之前阿里实习二面时,问过这个,我没有看过源码,只知道一个大概的快排,所以就挺僵硬的。现在回来整理一哈,以备不时之需,哈哈。
一、 对基本数据类型数组的排序
1、int类型排序
int[] intArray = new int[]{1,34,5,-9};
Arrays.sort(intArray);
System.out.println(Arrays.toString(intArray));
2、 字符串String排序(默认从小到大,可定制排序)
String[] strArray = new String[]{"Z", "a", "D"};
Arrays.sort(strArray); //默认字典序
System.out.println(Arrays.toString(strArray));
示例:把数组排成最小的数
class Solution {
public String minNumber(int[] nums) {
String[] strs = new String[nums.length];
for(int i = 0; i < nums.length; i++)
strs[i] = String.valueOf(nums[i]);
Arrays.sort(strs, (x, y) -> (x + y).compareTo(y + x));
StringBuilder res = new StringBuilder();
for(String s : strs)
res.append(s);
return res.toString();
}
}
字符串排序(忽略大小写) :
Arrays.sort(strArray, String.CASE_INSENSITIVE_ORDER);
逆向排序 :
Arrays.sort(strArray, Collections.reverseOrder());
二、Arrays.sort()源码解析(以int[]为例)
点进sort()方法,得到下面的源码:
public static void sort(int[] a) {
DualPivotQuicksort.sort(a, 0, a.length - 1, null, 0, 0);
}
看到DualPivotQuicksort这个类名,是双轴快速排序的含义,继续点进去看:
// Use Quicksort on small arrays
if (right - left < QUICKSORT_THRESHOLD) {
sort(a, left, right, true);
return;
}
其中,QUICKSORT_THRESHOLD代表的数字为286,意味着如果元素个数小于286,使用里面的sort方法,点进去看:
if (length < INSERTION_SORT_THRESHOLD) {
if (leftmost) {
/*
* Traditional (without sentinel) insertion sort,
* optimized for server VM, is used in case of
* the leftmost part.
*/
for (int i = left, j = i; i < right; j = ++i) {
int ai = a[i + 1];
while (ai < a[j]) {
a[j + 1] = a[j];
if (j-- == left) {
break;
}
}
a[j + 1] = ai;
}
} else {
/*
* Skip the longest ascending sequence.
*/
do {
if (left >= right) {
return;
}
} while (a[++left] >= a[left - 1]);
/*
* Every element from adjoining part plays the role
* of sentinel, therefore this allows us to avoid the
* left range check on each iteration. Moreover, we use
* the more optimized algorithm, so called pair insertion
* sort, which is faster (in the context of Quicksort)

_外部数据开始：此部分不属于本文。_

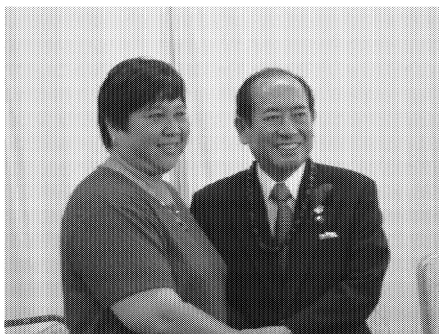
Meeting with Takaya Okayama mayors

Oct. 13 BDF plant, Tobu clean center and recycling plaza, Eco-technology Research Associate, Okayama city hall, Okayama University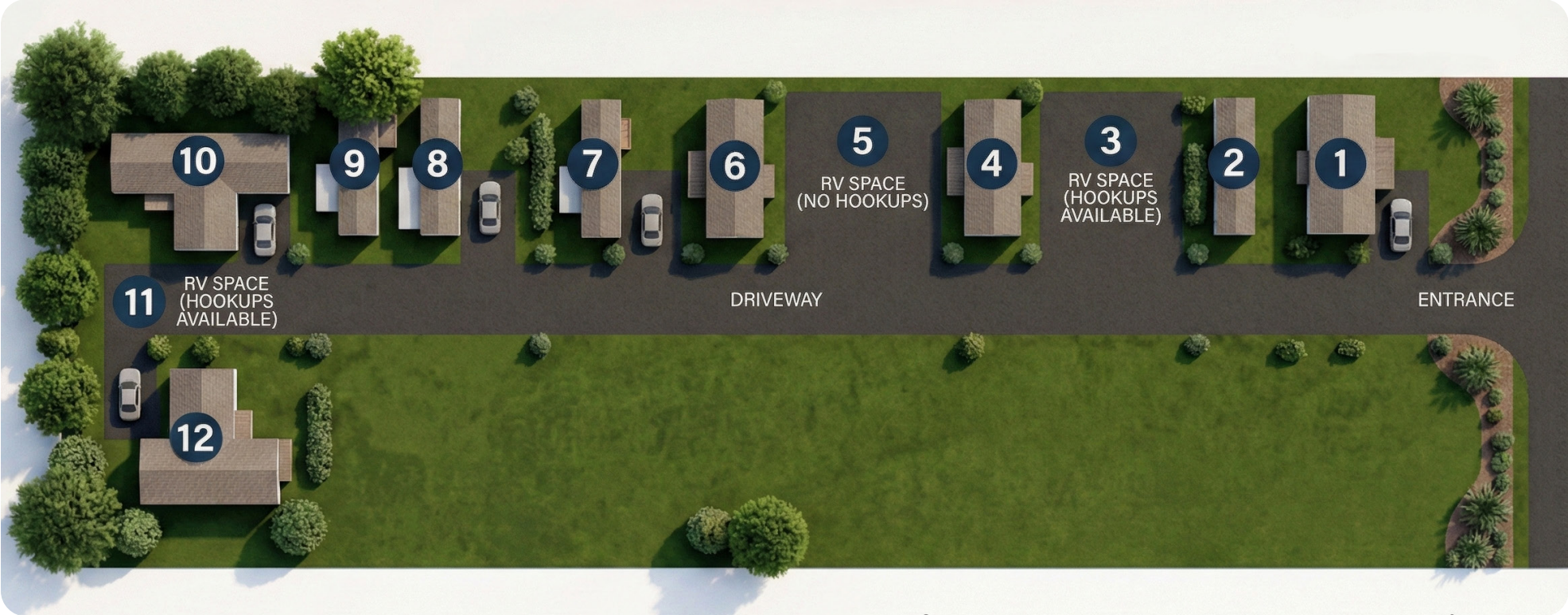
Site plan not to scale and represents the general layout of the property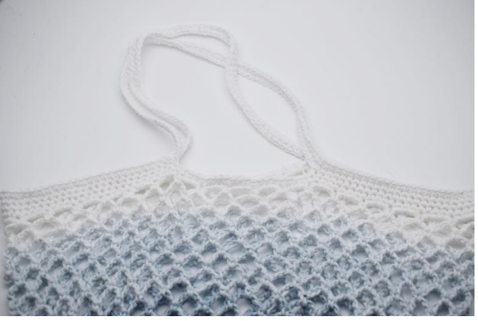
9. Ch 1 and work 1 rnd of sc in the sides and handle. Repeat 2 times or until you reach the desired width of your handles..

* than traditional implementation of insertion sort.
*/
for (int k = left; ++left <= right; k = ++left) {
int a1 = a[k], a2 = a[left];
if (a1 < a2) {
a2 = a1; a1 = a[left];
}
while (a1 < a[--k]) {
a[k + 2] = a[k];
}
a[++k + 1] = a1;
while (a2 < a[--k]) {
a[k + 1] = a[k];
}
a[k + 1] = a2;
}
int last = a[right];
while (last < a[--right]) {
a[right + 1] = a[right];
}
a[right + 1] = last;
}
return;
}
可以看到,当数组长度<INSERTION_SORT_THRESHOLD(47)时,采用插入排序
继续看后面的源码,当数组长度>=INSERTION_SORT_THRESHOLD(47)时,采用快速排序。看一下快速排序的源码:
- 用公式length/8+length/64+1近似计算出数组长度的1/7:
// Inexpensive approximation of length / 7
int seventh = (length >> 3) + (length >> 6) + 1;
- 取5个根据经验得出的等距点 (看注释,这个根据经验得来就很灵性)
/*
* Sort five evenly spaced elements around (and including) the
* center element in the range. These elements will be used for
* pivot selection as described below. The choice for spacing
* these elements was empirically determined to work well on
* a wide variety of inputs.
*/
int e3 = (left + right) >>> 1; // The midpoint
int e2 = e3 - seventh;
int e1 = e2 - seventh;
int e4 = e3 + seventh;
int e5 = e4 + seventh;
- 将这5个元素进行插入排序
// Sort these elements using insertion sort
if (a[e2] < a[e1]) { int t = a[e2]; a[e2] = a[e1]; a[e1] = t; }
if (a[e3] < a[e2]) { int t = a[e3]; a[e3] = a[e2]; a[e2] = t;
if (t < a[e1]) { a[e2] = a[e1]; a[e1] = t; }
}
if (a[e4] < a[e3]) { int t = a[e4]; a[e4] = a[e3]; a[e3] = t;
if (t < a[e2]) { a[e3] = a[e2]; a[e2] = t;
if (t < a[e1]) { a[e2] = a[e1]; a[e1] = t; }
}
}
if (a[e5] < a[e4]) { int t = a[e5]; a[e5] = a[e4]; a[e4] = t;
if (t < a[e3]) { a[e4] = a[e3]; a[e3] = t;
if (t < a[e2]) { a[e3] = a[e2]; a[e2] = t;
if (t < a[e1]) { a[e2] = a[e1]; a[e1] = t; }
}
}
}
-
如果a[e1] != a[e2] && a[e2] != a[e3] && a[e3] != a[e4] && a[e4] != a[e5],选用双轴快速排序;否则采用单轴快速排序(使用a[e3]作为pivot)(下面看双轴快排)
-
选取a[e2],a[e4]分别作为pivot1,pivot2。由于上一步骤进行了排序,所以必有pivot1 <=pivot2。定义两个指针less和great,less从最左边开始向右遍历,一直找到第一个不小于pivot1的元素;great从右边开始向左遍历,一直找到第一个不大于pivot2的元素。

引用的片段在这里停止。